Problem to work on -
The records that follow are to be repeated in full, with no pictures retained.

[Excerpted data — start]

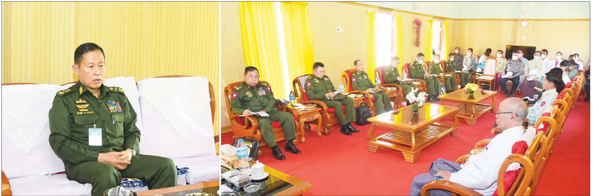
နိုင်ငံတော်စီမံအုပ်ချုပ်ရေးကောင်စီ ဒုတိယဥက္ကဋ္ဌ ဒုတိယတပ်မတော်ကာကွယ်ရေးဦးစီးချုပ် ကာကွယ်ရေးဦးစီးချုပ်(ကြည်း) ဒုတိယဗိုလ်ချုပ်မှူးကြီး စိုးဝင်း ဘောလခဲမြို့ရှိ ဌာနဆိုင်ရာများနှင့် မြို့မိမြို့ဖ များအား တွေ့ဆုံအမှာစကားပြောကြားစဉ်။

နေပြည်တော် ဖေဖော်ဝါရီ ၂ နိုင်ငံတော်စီမံအုပ်ချုပ်ရေးကောင်စီ ဒုတိယဥက္ကဋ္ဌ ဒုတိယတပ်မတော်ကာကွယ်ရေးဦးစီးချုပ် ကာကွယ်ရေးဦးစီးချုပ်(ကြည်း) ဒုတိယဗိုလ်ချုပ်မှူးကြီး စိုးဝင်းသည် နိုင်ငံတော်စီမံအုပ်ချုပ်ရေးကောင်စီဝင်များဖြစ်ကြသည့် စောဒန်နီယယ်၊ ဒုတိယဗိုလ်ချုပ်ကြီးစိုးထွဋ်၊ ကာကွယ်ရေးဦးစီးချုပ်မှူး တပ်မတော်အရာရှိကြီးများ၊ တာဝန်ရှိသူများလိုက်ပါ၍ ယနေ့တွင် ဘောလခဲမြို့ရှိ ဌာနဆိုင်ရာတာဝန်ရှိသူများ၊ မြို့မိမြို့ဖများအား နယ်မြေခံတပ်ဧည့်ရိပ်သာ၌ သွားရောက်တွေ့ဆုံ အမှာစကား ပြောကြားသည်။ အခက်အခဲများစွာ ကျော်လွှား ထိုသို့ တွေ့ဆုံအမှာစကားပြောကြားရာတွင် နိုင်ငံတော်စီမံအုပ်ချုပ်ရေးကောင်စီ အနေဖြင့် အရေးပေါ်ကာလ တစ်နှစ်ကို အခက်အခဲများစွာဖြင့် ကျော်လွှားခဲ့ရကြောင်း၊ အချို့သော ဝန်ထမ်းများသည် နိုင်ငံ၏မျက်နှာကိုမကြည့်ဘဲ CDM လုပ်ဆောင်ခဲ့၍ ဆူပူအကြမ်းဖက်မှုကိုမလိုလားသည့် ဝန်ထမ်းကောင်းများဖြင့် ကြိုးပမ်းဆောင်ရွက်ခဲ့ကြောင်း၊ ပြည်တွင်း၊ ပြည်ပ ဖိအားမျိုးစုံကို ကြုံတွေ့ခဲ့ရသော်လည်း ပြည်သူများ၏ ပူးပေါင်းပါဝင်မှုဖြင့် အောင်မြင်အောင် ဖြတ်သန်းခဲ့ကြောင်း၊ ကြီးမားသော စိန်ခေါ်မှုအဖြစ် ကိုဗစ်-၁၉ ရောဂါ ကာကွယ် ထိန်းချုပ်၊ ကုသမှုပင်ဖြစ်ကြောင်း၊ နိုင်ငံအချို့နှင့် INGO အဖွဲ့အချို့အနေဖြင့် မိမိတို့နိုင်ငံအား ကိုဗစ်-၁၉ ရောဂါအပေါ်
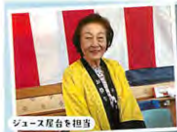
ジュース屋台を担当
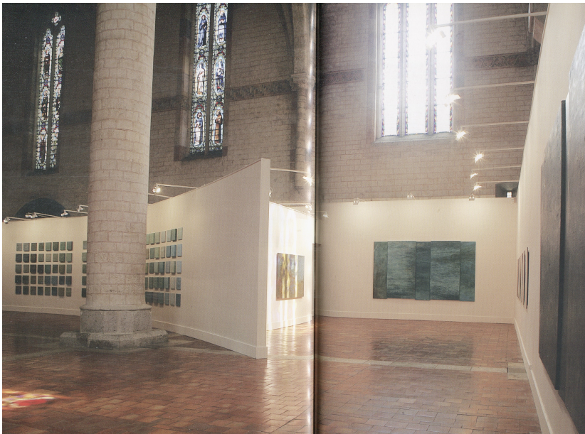
Fig. 4. Elshout Aart. Vue de l'exposition « Eloges de l'eau », Les Jacobins, Agen, 2013. Photo de Thierry-Daniel Vidal (Catalogue d'exposition, Aart Elshout, Eloges de l'eau . Eglise des Jacobins d'Agen, Ed. Musées d'Agen, 2013).
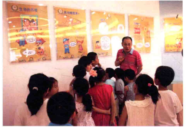
给小学生讲解性教育展览
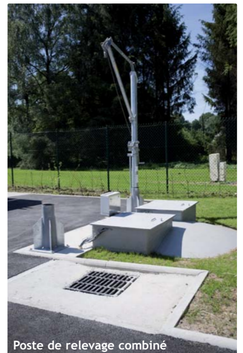
Poste de relevage combiné
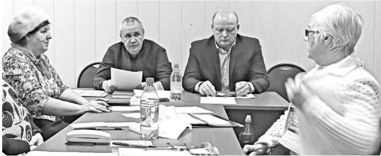
Все задачи решаем вместе!

живал все начинания общественности города, а затем уже в новом качестве продолжил это тесное сотрудничество.
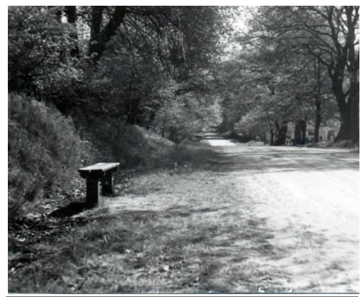
Fægangen før fredningen Lokalhistorisk arkiv

Banevejs Allé Fredet allé på vejdamning til stationen
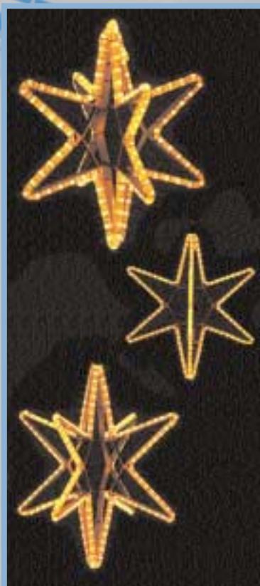
LB Stern 4-6 klar HxB A.ca. 50 x 50 cm oder B.ca. 60 x 60 cm oder C.ca. 70 x 70 cm LB auf Anfrage wand/mast/seil A. 1050016 B. 1050017 C. 1050018

Lichtbandfarbe Abmessung Ausleuchtung Gewicht Anwendung Art.-Nr.

[Excerpted data — finish]

Result below -
နိုင်ငံတော်စီမံအုပ်ချုပ်ရေးကောင်စီ ဒုတိယဥက္ကဋ္ဌ ဒုတိယတပ်မတော်ကာကွယ်ရေးဦးစီးချုပ် ကာကွယ်ရေးဦးစီးချုပ်(ကြည်း) ဒုတိယဗိုလ်ချုပ်မှူးကြီး စိုးဝင်း ဘောလခဲမြို့ရှိ ဌာနဆိုင်ရာများနှင့် မြို့မိမြို့ဖ များအား တွေ့ဆုံအမှာစကားပြောကြားစဉ်။

နေပြည်တော် ဖေဖော်ဝါရီ ၂ နိုင်ငံတော်စီမံအုပ်ချုပ်ရေးကောင်စီ ဒုတိယဥက္ကဋ္ဌ ဒုတိယတပ်မတော်ကာကွယ်ရေးဦးစီးချုပ် ကာကွယ်ရေးဦးစီးချုပ်(ကြည်း) ဒုတိယဗိုလ်ချုပ်မှူးကြီး စိုးဝင်းသည် နိုင်ငံတော်စီမံအုပ်ချုပ်ရေးကောင်စီဝင်များဖြစ်ကြသည့် စောဒန်နီယယ်၊ ဒုတိယဗိုလ်ချုပ်ကြီးစိုးထွဋ်၊ ကာကွယ်ရေးဦးစီးချုပ်မှူး တပ်မတော်အရာရှိကြီးများ၊ တာဝန်ရှိသူများလိုက်ပါ၍ ယနေ့တွင် ဘောလခဲမြို့ရှိ ဌာနဆိုင်ရာတာဝန်ရှိသူများ၊ မြို့မိမြို့ဖများအား နယ်မြေခံတပ်ဧည့်ရိပ်သာ၌ သွားရောက်တွေ့ဆုံ အမှာစကား ပြောကြားသည်။ အခက်အခဲများစွာ ကျော်လွှား ထိုသို့ တွေ့ဆုံအမှာစကားပြောကြားရာတွင် နိုင်ငံတော်စီမံအုပ်ချုပ်ရေးကောင်စီ အနေဖြင့် အရေးပေါ်ကာလ တစ်နှစ်ကို အခက်အခဲများစွာဖြင့် ကျော်လွှားခဲ့ရကြောင်း၊ အချို့သော ဝန်ထမ်းများသည် နိုင်ငံ၏မျက်နှာကိုမကြည့်ဘဲ CDM လုပ်ဆောင်ခဲ့၍ ဆူပူအကြမ်းဖက်မှုကိုမလိုလားသည့် ဝန်ထမ်းကောင်းများဖြင့် ကြိုးပမ်းဆောင်ရွက်ခဲ့ကြောင်း၊ ပြည်တွင်း၊ ပြည်ပ ဖိအားမျိုးစုံကို ကြုံတွေ့ခဲ့ရသော်လည်း ပြည်သူများ၏ ပူးပေါင်းပါဝင်မှုဖြင့် အောင်မြင်အောင် ဖြတ်သန်းခဲ့ကြောင်း၊ ကြီးမားသော စိန်ခေါ်မှုအဖြစ် ကိုဗစ်-၁၉ ရောဂါ ကာကွယ် ထိန်းချုပ်၊ ကုသမှုပင်ဖြစ်ကြောင်း၊ နိုင်ငံအချို့နှင့် INGO အဖွဲ့အချို့အနေဖြင့် မိမိတို့နိုင်ငံအား ကိုဗစ်-၁၉ ရောဂါအပေါ်
ジュース屋台を担当
Fig. 4. Elshout Aart. Vue de l'exposition « Eloges de l'eau », Les Jacobins, Agen, 2013. Photo de Thierry-Daniel Vidal (Catalogue d'exposition, Aart Elshout, Eloges de l'eau . Eglise des Jacobins d'Agen, Ed. Musées d'Agen, 2013).
给小学生讲解性教育展览
Poste de relevage combiné
Все задачи решаем вместе!

живал все начинания общественности города, а затем уже в новом качестве продолжил это тесное сотрудничество.
Fægangen før fredningen Lokalhistorisk arkiv

Banevejs Allé Fredet allé på vejdamning til stationen
LB Stern 4-6 klar HxB A.ca. 50 x 50 cm oder B.ca. 60 x 60 cm oder C.ca. 70 x 70 cm LB auf Anfrage wand/mast/seil A. 1050016 B. 1050017 C. 1050018

Lichtbandfarbe Abmessung Ausleuchtung Gewicht Anwendung Art.-Nr.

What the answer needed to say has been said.